About this exercise:
Omit the pictures from the entries below and retype everything else exactly.

..........

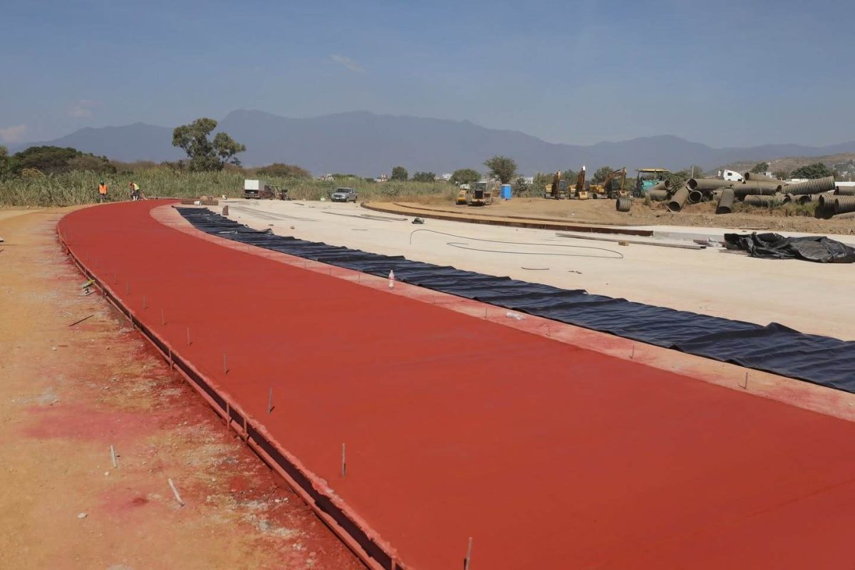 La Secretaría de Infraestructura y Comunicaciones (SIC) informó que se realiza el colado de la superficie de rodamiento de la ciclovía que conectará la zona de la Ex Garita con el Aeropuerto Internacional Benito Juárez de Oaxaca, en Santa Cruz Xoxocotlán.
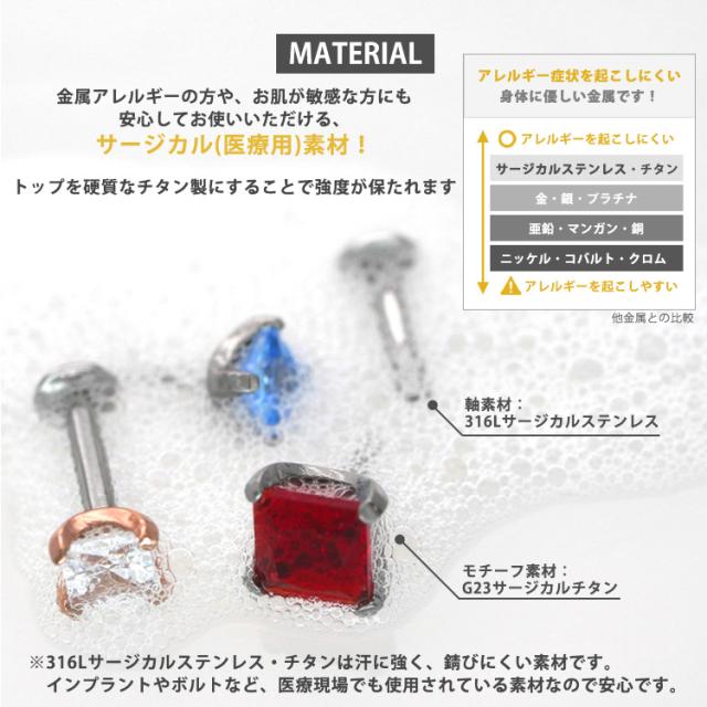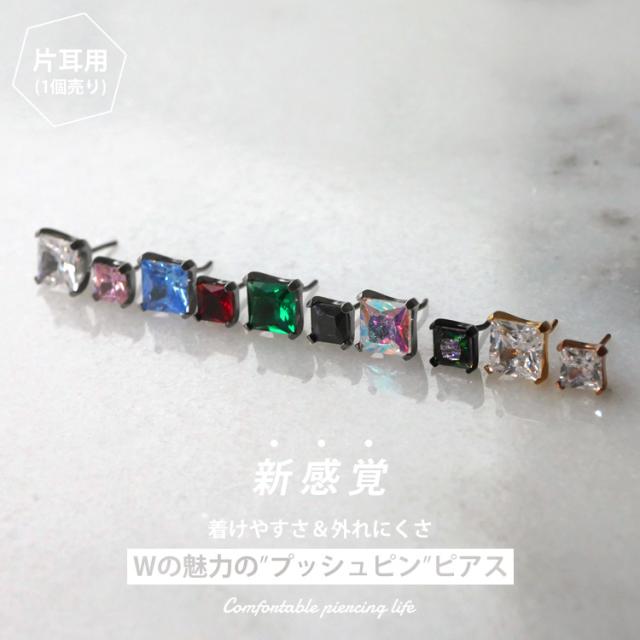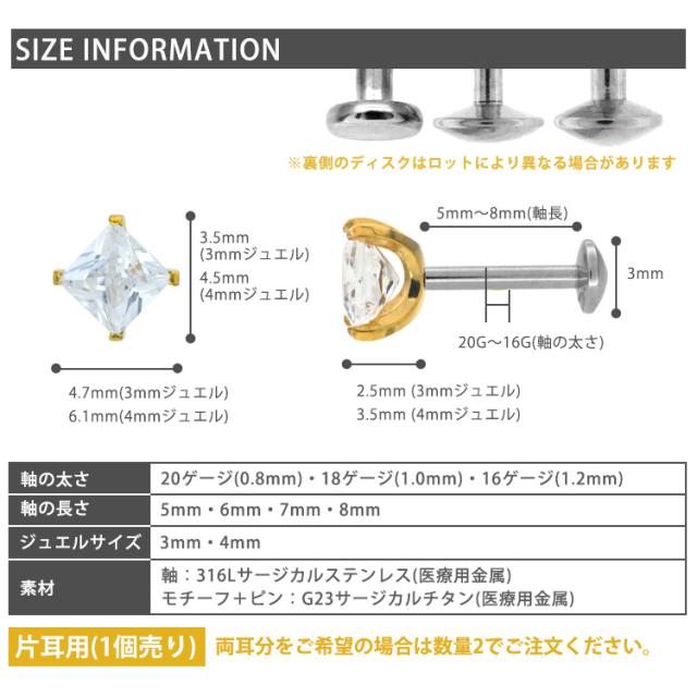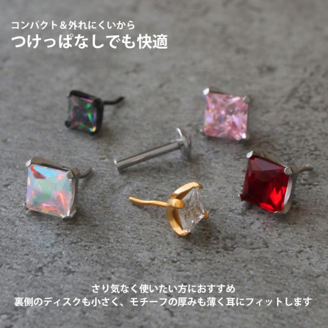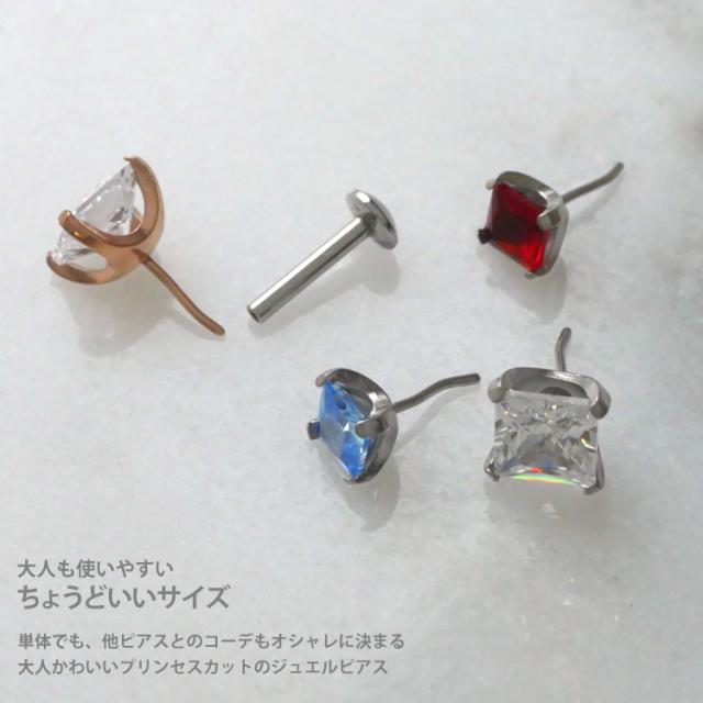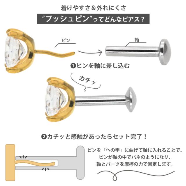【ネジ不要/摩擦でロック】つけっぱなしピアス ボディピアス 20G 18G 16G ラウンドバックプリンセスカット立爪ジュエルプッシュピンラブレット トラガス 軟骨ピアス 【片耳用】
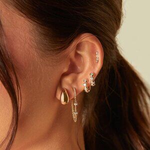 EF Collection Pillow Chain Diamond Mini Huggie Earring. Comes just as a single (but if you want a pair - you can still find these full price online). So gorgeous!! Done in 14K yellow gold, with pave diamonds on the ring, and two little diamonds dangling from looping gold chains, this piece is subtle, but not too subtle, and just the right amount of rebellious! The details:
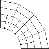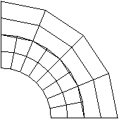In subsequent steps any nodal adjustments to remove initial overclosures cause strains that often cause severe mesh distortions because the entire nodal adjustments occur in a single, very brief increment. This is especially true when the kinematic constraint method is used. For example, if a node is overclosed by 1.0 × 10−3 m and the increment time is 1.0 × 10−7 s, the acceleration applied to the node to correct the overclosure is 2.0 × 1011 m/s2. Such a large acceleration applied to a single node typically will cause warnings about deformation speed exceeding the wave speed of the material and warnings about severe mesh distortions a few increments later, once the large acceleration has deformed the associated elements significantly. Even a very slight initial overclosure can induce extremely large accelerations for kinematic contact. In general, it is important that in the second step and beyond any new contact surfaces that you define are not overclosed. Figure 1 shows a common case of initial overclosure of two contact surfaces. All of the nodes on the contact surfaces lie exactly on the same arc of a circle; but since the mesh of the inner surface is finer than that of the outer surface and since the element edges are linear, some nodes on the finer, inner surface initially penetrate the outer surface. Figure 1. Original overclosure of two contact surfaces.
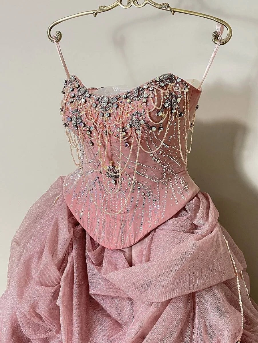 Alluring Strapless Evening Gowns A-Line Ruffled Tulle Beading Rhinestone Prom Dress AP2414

..........

Answer box:
 La Secretaría de Infraestructura y Comunicaciones (SIC) informó que se realiza el colado de la superficie de rodamiento de la ciclovía que conectará la zona de la Ex Garita con el Aeropuerto Internacional Benito Juárez de Oaxaca, en Santa Cruz Xoxocotlán.
【ネジ不要/摩擦でロック】つけっぱなしピアス ボディピアス 20G 18G 16G ラウンドバックプリンセスカット立爪ジュエルプッシュピンラブレット トラガス 軟骨ピアス 【片耳用】
 EF Collection Pillow Chain Diamond Mini Huggie Earring. Comes just as a single (but if you want a pair - you can still find these full price online). So gorgeous!! Done in 14K yellow gold, with pave diamonds on the ring, and two little diamonds dangling from looping gold chains, this piece is subtle, but not too subtle, and just the right amount of rebellious! The details:
In subsequent steps any nodal adjustments to remove initial overclosures cause strains that often cause severe mesh distortions because the entire nodal adjustments occur in a single, very brief increment. This is especially true when the kinematic constraint method is used. For example, if a node is overclosed by 1.0 × 10−3 m and the increment time is 1.0 × 10−7 s, the acceleration applied to the node to correct the overclosure is 2.0 × 1011 m/s2. Such a large acceleration applied to a single node typically will cause warnings about deformation speed exceeding the wave speed of the material and warnings about severe mesh distortions a few increments later, once the large acceleration has deformed the associated elements significantly. Even a very slight initial overclosure can induce extremely large accelerations for kinematic contact. In general, it is important that in the second step and beyond any new contact surfaces that you define are not overclosed. Figure 1 shows a common case of initial overclosure of two contact surfaces. All of the nodes on the contact surfaces lie exactly on the same arc of a circle; but since the mesh of the inner surface is finer than that of the outer surface and since the element edges are linear, some nodes on the finer, inner surface initially penetrate the outer surface. Figure 1. Original overclosure of two contact surfaces.
 Alluring Strapless Evening Gowns A-Line Ruffled Tulle Beading Rhinestone Prom Dress AP2414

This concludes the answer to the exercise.